= Input material =
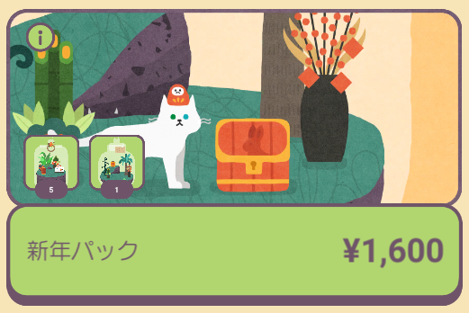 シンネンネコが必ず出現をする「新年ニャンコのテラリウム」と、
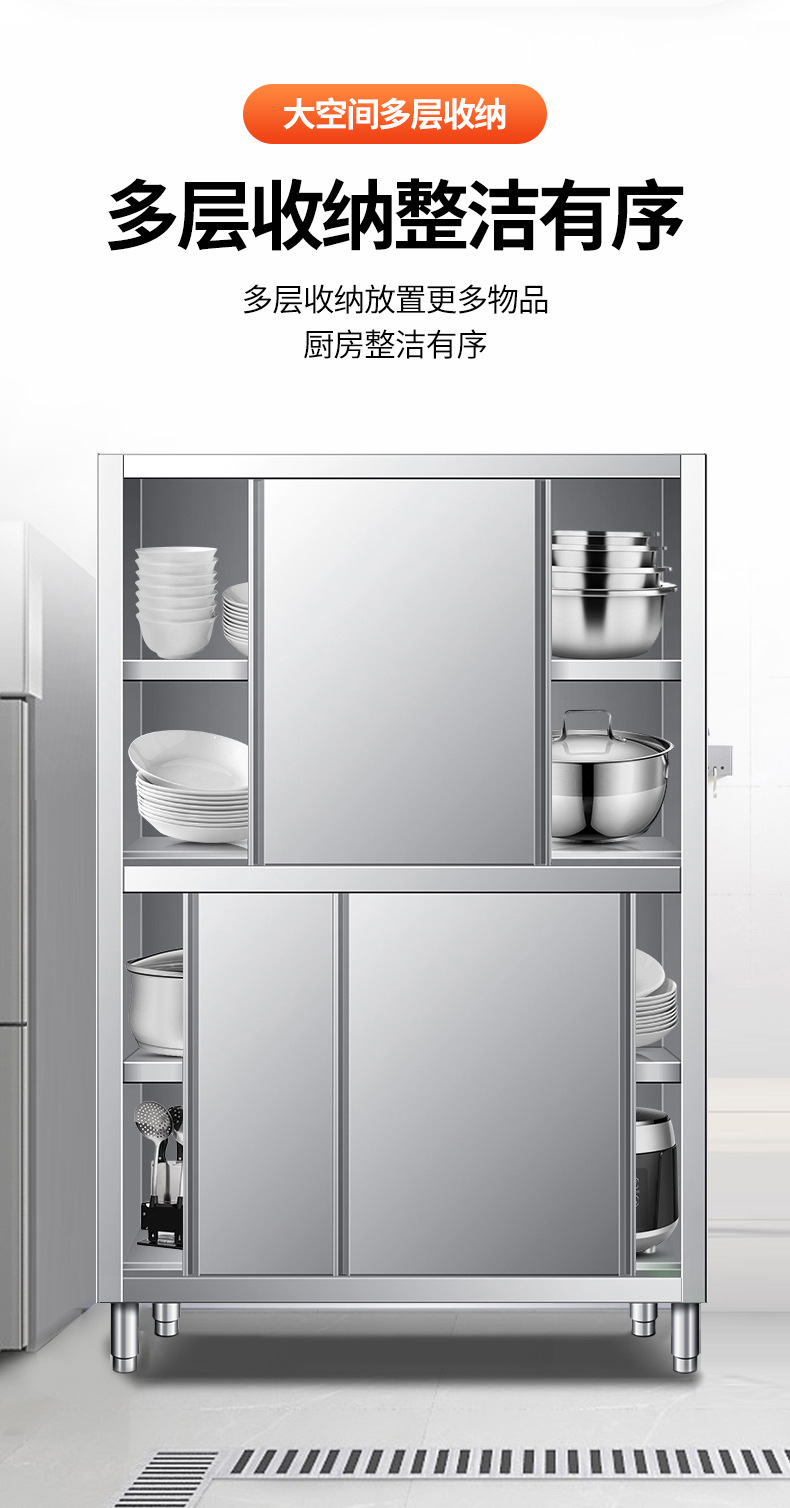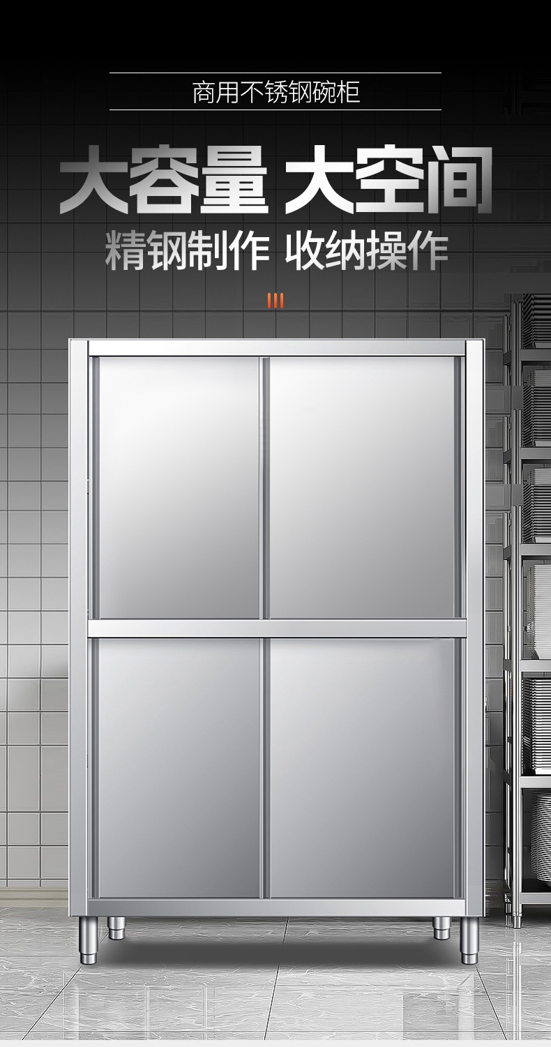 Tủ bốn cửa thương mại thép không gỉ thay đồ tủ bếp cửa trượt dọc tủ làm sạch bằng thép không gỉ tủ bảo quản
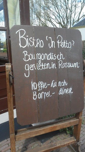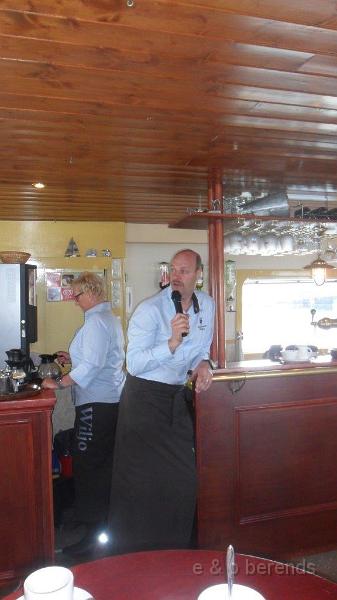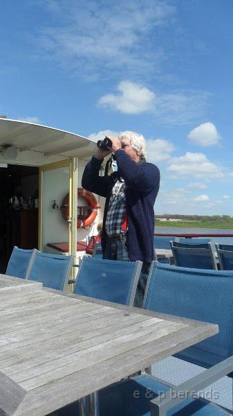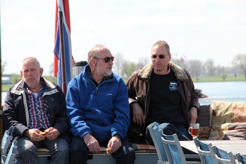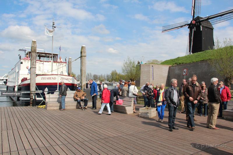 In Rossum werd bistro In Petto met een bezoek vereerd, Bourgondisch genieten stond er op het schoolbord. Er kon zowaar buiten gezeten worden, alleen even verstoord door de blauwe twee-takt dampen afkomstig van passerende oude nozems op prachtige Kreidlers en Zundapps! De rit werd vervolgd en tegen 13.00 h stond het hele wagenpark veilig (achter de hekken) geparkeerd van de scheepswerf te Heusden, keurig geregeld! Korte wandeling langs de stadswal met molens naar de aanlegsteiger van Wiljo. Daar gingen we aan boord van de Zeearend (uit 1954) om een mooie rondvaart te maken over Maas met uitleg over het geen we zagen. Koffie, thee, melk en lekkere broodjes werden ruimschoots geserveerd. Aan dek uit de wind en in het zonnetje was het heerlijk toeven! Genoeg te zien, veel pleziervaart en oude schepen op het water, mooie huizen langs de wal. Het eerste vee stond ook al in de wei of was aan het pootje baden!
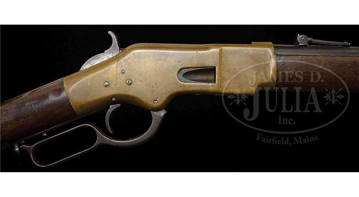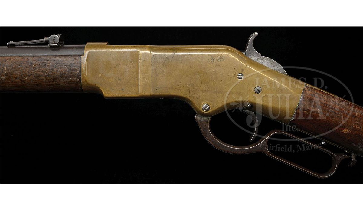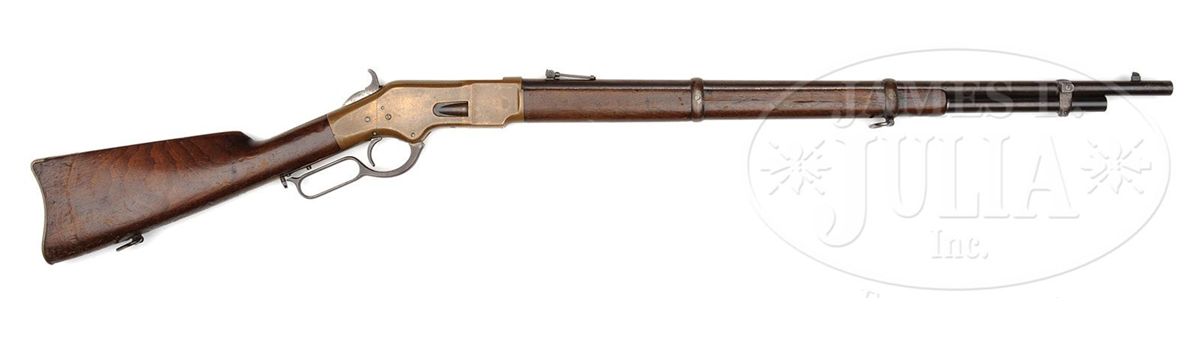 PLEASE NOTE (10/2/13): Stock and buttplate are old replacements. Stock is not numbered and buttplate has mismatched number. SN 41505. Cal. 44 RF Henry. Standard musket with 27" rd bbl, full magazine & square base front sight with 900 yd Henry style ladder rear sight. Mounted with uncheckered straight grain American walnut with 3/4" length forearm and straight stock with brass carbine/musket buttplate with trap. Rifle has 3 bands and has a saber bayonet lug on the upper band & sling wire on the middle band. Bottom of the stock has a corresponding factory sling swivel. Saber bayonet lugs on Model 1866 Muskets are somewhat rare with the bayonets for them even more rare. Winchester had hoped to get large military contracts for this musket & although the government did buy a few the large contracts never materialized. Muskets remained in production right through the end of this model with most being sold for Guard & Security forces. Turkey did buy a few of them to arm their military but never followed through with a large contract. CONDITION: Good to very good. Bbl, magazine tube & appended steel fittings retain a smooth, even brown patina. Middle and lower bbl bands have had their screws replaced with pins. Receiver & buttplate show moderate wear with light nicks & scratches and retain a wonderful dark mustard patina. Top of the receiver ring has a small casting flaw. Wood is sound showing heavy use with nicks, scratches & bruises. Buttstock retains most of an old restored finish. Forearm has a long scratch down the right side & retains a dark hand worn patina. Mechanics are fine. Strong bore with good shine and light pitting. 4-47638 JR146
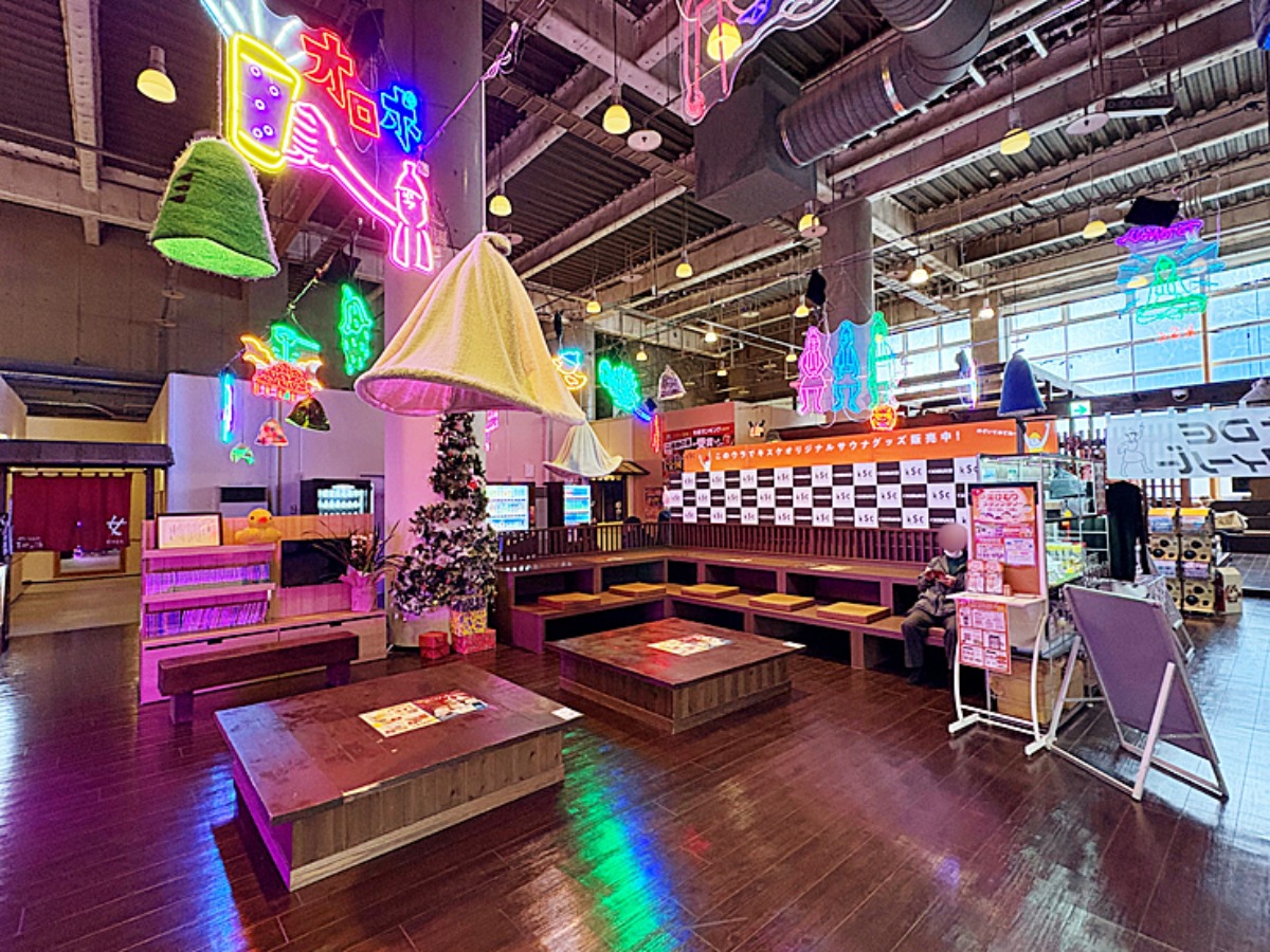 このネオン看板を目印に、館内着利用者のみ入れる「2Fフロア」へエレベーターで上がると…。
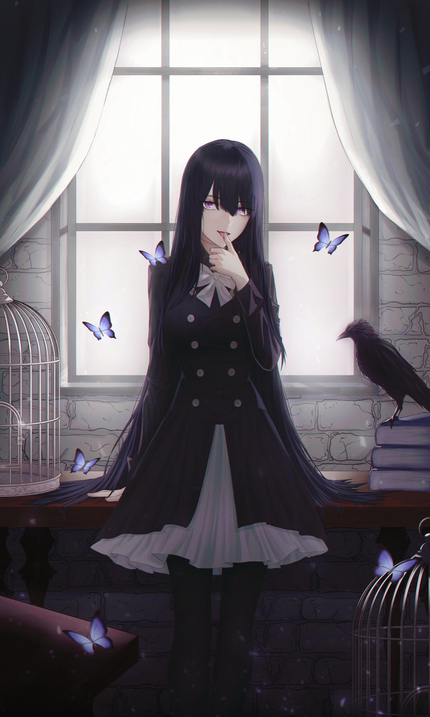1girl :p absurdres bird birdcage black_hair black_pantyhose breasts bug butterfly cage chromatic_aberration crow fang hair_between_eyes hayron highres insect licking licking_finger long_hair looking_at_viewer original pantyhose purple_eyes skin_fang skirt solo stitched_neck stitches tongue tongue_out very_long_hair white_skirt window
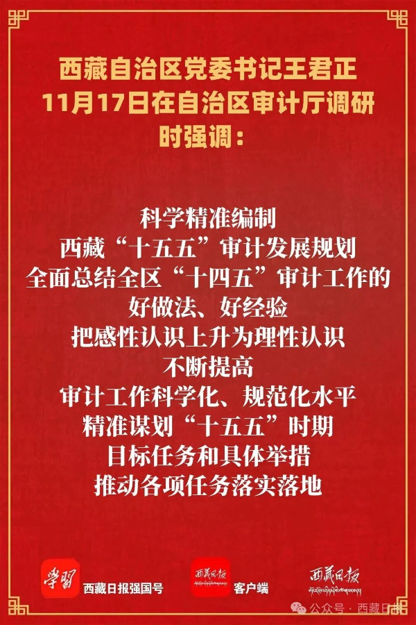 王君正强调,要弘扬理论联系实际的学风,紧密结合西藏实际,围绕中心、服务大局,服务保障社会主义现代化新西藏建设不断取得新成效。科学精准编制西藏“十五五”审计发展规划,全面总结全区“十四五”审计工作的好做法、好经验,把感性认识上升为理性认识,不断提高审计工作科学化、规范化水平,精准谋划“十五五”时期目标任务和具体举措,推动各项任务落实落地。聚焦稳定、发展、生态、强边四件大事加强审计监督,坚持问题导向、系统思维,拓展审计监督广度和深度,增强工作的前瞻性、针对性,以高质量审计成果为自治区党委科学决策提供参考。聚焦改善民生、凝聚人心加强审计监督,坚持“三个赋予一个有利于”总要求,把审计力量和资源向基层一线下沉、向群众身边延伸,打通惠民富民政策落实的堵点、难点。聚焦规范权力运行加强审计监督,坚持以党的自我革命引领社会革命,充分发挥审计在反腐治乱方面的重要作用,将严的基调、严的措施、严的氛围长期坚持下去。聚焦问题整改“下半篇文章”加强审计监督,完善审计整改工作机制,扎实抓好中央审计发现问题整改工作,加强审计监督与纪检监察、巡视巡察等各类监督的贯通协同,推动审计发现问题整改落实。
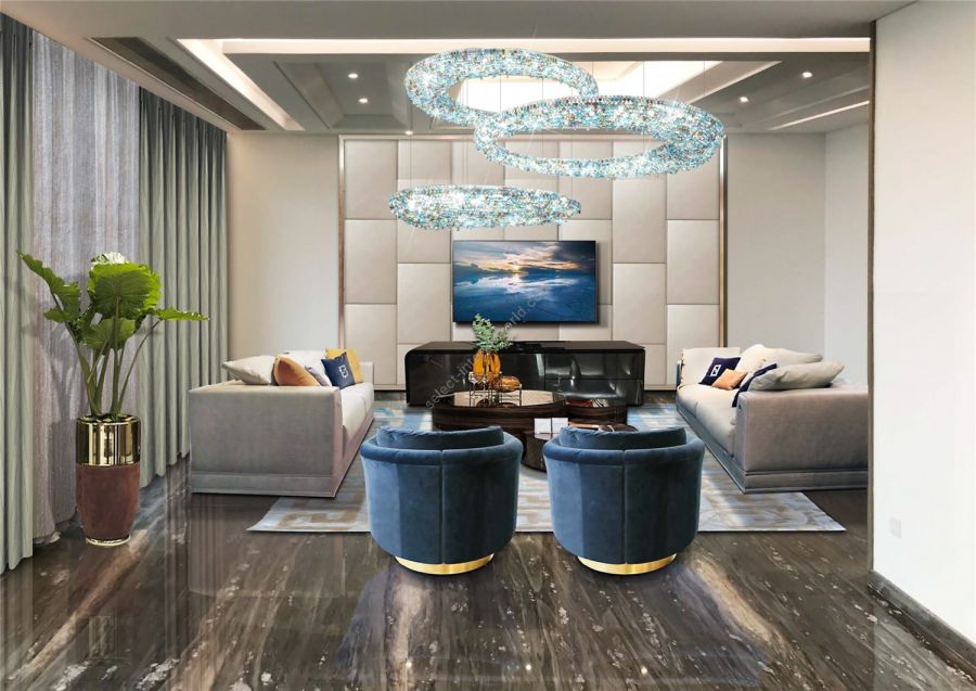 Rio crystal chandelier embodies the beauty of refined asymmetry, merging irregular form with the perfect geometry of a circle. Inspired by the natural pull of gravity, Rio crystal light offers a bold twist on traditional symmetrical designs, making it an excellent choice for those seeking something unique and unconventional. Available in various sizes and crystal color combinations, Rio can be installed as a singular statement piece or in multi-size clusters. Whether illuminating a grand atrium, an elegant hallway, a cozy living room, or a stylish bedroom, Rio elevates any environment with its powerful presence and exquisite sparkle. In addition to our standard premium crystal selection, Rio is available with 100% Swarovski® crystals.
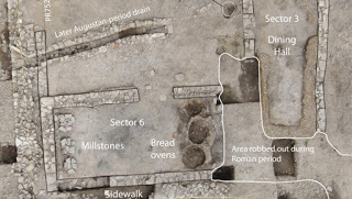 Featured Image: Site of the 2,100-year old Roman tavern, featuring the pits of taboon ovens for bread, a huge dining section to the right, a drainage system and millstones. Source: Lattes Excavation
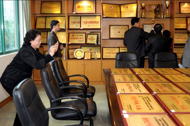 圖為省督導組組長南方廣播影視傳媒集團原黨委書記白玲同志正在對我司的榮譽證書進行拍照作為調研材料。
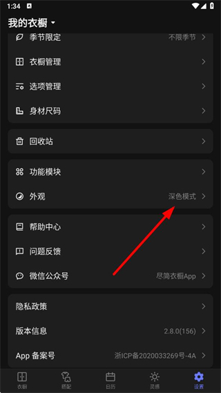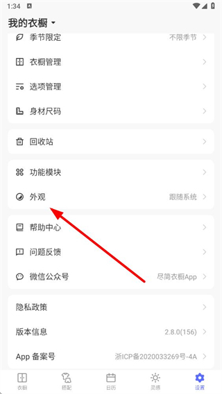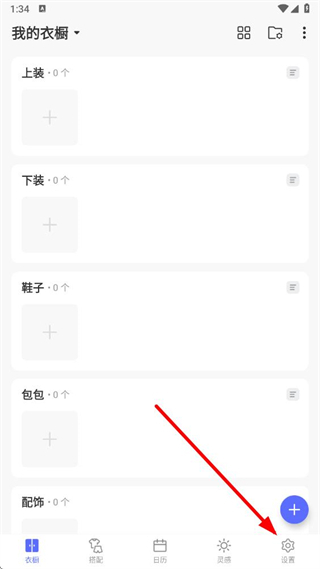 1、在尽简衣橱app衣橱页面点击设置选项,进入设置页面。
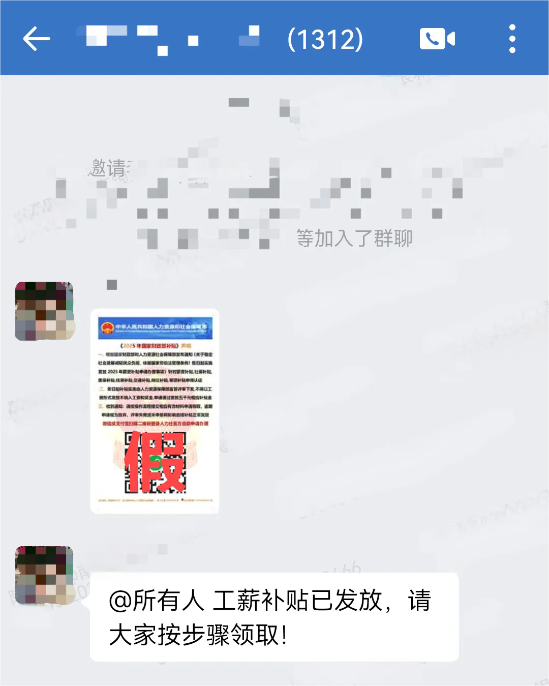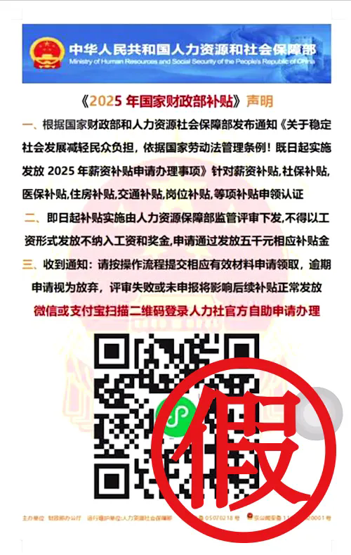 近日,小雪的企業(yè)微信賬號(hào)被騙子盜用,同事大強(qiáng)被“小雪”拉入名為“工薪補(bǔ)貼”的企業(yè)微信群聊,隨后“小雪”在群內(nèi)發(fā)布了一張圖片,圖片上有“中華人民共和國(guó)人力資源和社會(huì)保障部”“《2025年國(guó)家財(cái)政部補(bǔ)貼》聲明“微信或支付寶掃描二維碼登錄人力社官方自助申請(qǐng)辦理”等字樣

= Exercise brief =
Exactly the lines from the top of the listing through the line with "Tủ bốn cửa thương", and no pictures, should be printed.

= Your solution =
 シンネンネコが必ず出現をする「新年ニャンコのテラリウム」と、
 Tủ bốn cửa thương mại thép không gỉ thay đồ tủ bếp cửa trượt dọc tủ làm sạch bằng thép không gỉ tủ bảo quản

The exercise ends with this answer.